I guess you can ask any doctor or paramedic and they’ll tell you the tricky part of the job is to ask the right questions. And do some detective work to get to know important symptoms, severe drugs they’re having for breakfast every day because of some precondition… A patient will casually omit mentioning all of that, about half of the times. Calculating some Glasgow Coma Scale on them, as it’s in the examn, is the easy part of the job.
Bingo!
And then steelman whatever results you get (along with check the sources that agree with the results).
I’ve found steelmannig produces impressive results - but you must also have knowledge in the area you’re researching.
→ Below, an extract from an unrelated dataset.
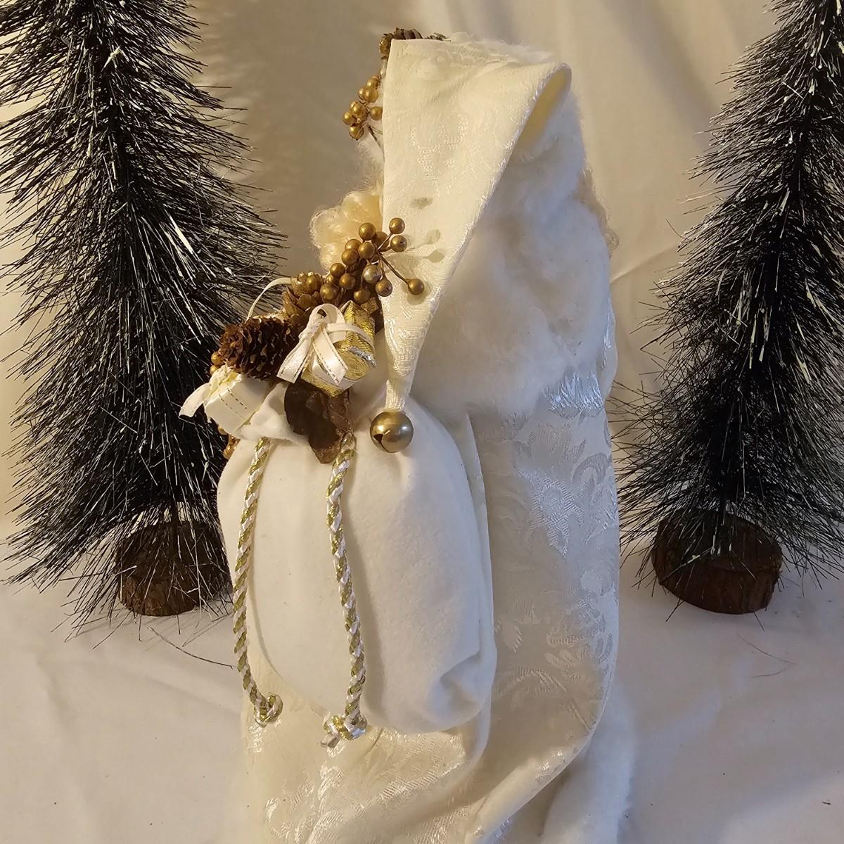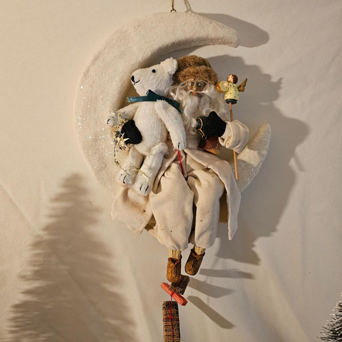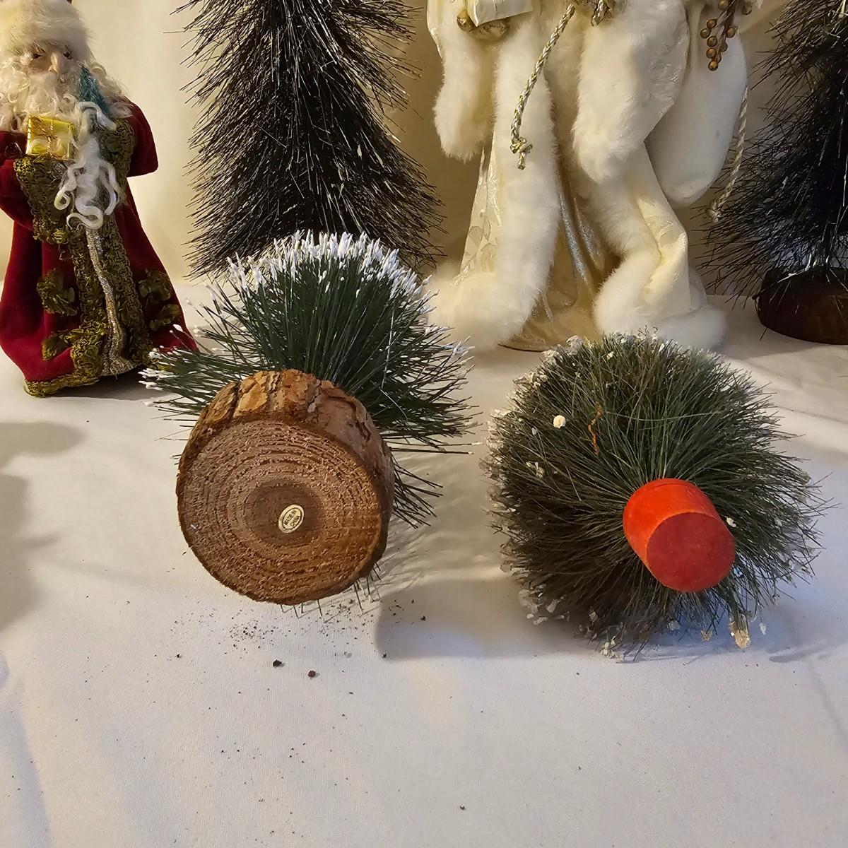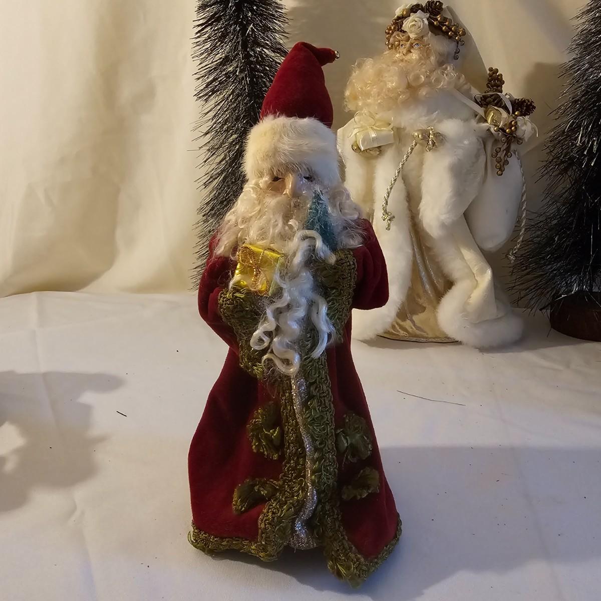 Five Santas and six trees for holiday decorating. The largest Santa dressed in white is a tree topper and measures 8" x 7" x 16"H. Tallest tree is 7" x 25"H. Santa with moon is 10" D x 3". See photos for details. Shipping available.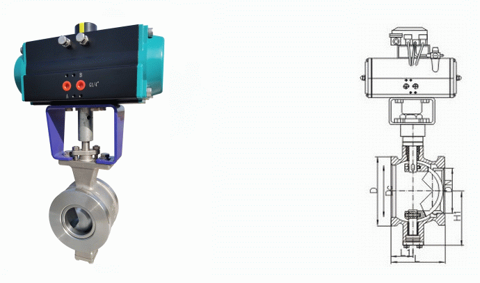 不銹鋼氣動V型對夾球閥外形結構圖:

My questions always require sources - after validating via sources I then steel man the results.
Having done this in areas where I am an expert, I can say it does work so long as you approach this the same as anything else: with skepticism and strong criticism.
LLMs now achieve nearly perfect scores on medical licensing exams, but this does not necessarily translate to accurate performance in real-world settings
This is an interesting distinction. Intuitively it feels like something similar is going on with programming. Gemini is apparently passing all these crazy benchmarks but I couldn’t even get it to one-shot a game of snake in C
LLMs perform poorly when assisting humans with medical diagnostic, study blames human participants for not working with them.
GIGO.
Good, competent questions are key. I’d bet doctors, biochemists, etc, get better results because they have deep knowledge.
I get great results in areas where I have expertise, because I know immediately whether I’m getting reasonable results or not.